Our study has several limitations. First, our study included a small number of patients. However, such a number is reasonable as generative models demand high computational loads, unlike classification models. Several previous studies on image synthesis in radiology were also based on small study populations18,27. Second, we could not strictly control CT protocols and indications because of the retrospective nature of our study. The ideal training and test sets might have been patients with similar diseases and similar CT protocols. However, dual-energy CT with routine contrast amount or CT angiography for suspected lung cancer is not commonly performed in clinical practice. Lastly, our proposed model may not be an optimal deep learning approach for sCECT. Comparison and combination with different approaches including CNN (e.g., U-Net7) and generative models based on unpaired data (e.g., CycleGAN28) are warranted.

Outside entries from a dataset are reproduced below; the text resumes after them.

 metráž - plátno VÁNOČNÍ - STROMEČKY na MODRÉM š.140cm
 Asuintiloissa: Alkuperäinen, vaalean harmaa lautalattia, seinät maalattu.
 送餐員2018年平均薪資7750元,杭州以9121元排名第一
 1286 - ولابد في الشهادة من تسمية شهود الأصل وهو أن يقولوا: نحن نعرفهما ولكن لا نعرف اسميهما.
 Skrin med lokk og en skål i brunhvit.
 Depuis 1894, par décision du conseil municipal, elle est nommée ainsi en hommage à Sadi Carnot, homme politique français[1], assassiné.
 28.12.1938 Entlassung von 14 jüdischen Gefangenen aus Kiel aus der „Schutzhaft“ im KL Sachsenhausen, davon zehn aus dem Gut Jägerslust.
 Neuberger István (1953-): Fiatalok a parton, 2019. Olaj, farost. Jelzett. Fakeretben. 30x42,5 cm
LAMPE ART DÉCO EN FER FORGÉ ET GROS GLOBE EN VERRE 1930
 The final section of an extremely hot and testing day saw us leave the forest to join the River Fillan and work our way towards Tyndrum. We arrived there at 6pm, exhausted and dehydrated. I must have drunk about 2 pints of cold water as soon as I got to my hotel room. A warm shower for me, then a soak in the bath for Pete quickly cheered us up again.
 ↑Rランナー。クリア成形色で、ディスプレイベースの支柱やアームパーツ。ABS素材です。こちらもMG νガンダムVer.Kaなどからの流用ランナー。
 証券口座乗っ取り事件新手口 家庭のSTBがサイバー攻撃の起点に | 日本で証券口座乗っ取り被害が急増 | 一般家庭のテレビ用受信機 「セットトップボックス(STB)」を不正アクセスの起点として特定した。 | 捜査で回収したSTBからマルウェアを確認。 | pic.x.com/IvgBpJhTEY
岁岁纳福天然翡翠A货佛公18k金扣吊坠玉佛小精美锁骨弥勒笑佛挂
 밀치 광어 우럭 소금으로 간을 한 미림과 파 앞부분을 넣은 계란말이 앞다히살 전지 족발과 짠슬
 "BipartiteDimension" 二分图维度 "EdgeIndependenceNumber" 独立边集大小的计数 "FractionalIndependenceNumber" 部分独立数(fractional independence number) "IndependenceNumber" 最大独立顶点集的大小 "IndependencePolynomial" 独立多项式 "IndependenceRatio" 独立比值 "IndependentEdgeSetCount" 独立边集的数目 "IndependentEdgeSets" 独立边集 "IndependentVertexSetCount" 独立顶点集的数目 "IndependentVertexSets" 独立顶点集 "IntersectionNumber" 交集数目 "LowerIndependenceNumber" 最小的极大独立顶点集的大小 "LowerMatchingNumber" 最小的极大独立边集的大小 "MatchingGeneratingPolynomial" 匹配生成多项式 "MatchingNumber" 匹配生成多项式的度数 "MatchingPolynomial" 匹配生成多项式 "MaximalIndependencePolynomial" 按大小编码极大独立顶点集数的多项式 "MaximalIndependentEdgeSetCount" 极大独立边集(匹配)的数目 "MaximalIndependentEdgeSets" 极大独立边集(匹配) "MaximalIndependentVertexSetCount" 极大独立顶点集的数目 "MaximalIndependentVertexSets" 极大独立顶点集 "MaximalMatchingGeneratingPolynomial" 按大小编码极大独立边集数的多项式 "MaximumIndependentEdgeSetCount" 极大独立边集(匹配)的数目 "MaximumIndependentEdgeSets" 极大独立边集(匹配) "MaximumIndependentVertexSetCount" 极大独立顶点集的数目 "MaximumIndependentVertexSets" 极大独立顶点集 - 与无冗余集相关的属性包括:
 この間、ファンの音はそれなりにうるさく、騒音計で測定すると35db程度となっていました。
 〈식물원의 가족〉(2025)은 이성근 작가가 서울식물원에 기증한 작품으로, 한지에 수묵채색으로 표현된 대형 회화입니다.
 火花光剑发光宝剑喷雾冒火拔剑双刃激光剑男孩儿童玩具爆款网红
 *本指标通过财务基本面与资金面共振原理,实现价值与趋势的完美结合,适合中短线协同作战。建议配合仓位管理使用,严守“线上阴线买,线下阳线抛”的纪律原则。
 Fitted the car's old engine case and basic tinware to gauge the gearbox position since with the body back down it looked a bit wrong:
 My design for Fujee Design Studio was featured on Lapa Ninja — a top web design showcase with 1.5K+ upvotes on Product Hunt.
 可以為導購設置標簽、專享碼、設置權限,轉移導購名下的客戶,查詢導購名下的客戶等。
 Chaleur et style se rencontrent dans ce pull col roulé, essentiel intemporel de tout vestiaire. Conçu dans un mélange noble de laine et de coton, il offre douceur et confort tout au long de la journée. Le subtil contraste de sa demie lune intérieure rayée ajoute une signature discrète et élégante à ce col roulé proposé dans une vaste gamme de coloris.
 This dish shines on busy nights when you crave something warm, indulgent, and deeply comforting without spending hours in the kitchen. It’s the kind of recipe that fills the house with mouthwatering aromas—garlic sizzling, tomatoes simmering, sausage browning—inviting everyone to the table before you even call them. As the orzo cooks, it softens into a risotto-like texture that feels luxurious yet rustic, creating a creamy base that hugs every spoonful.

In conclusion, we implemented a deep learning model for generating synthetic contrast enhancement from non-contrast chest CT. Synthetic contrast-enhanced CT demonstrated good quantitative performance in terms of image similarity metrics and improved depiction of mediastinal lymph nodes. Applying the proposed deep learning model in clinical practice requires further studies on a larger population with more heterogeneous diseases.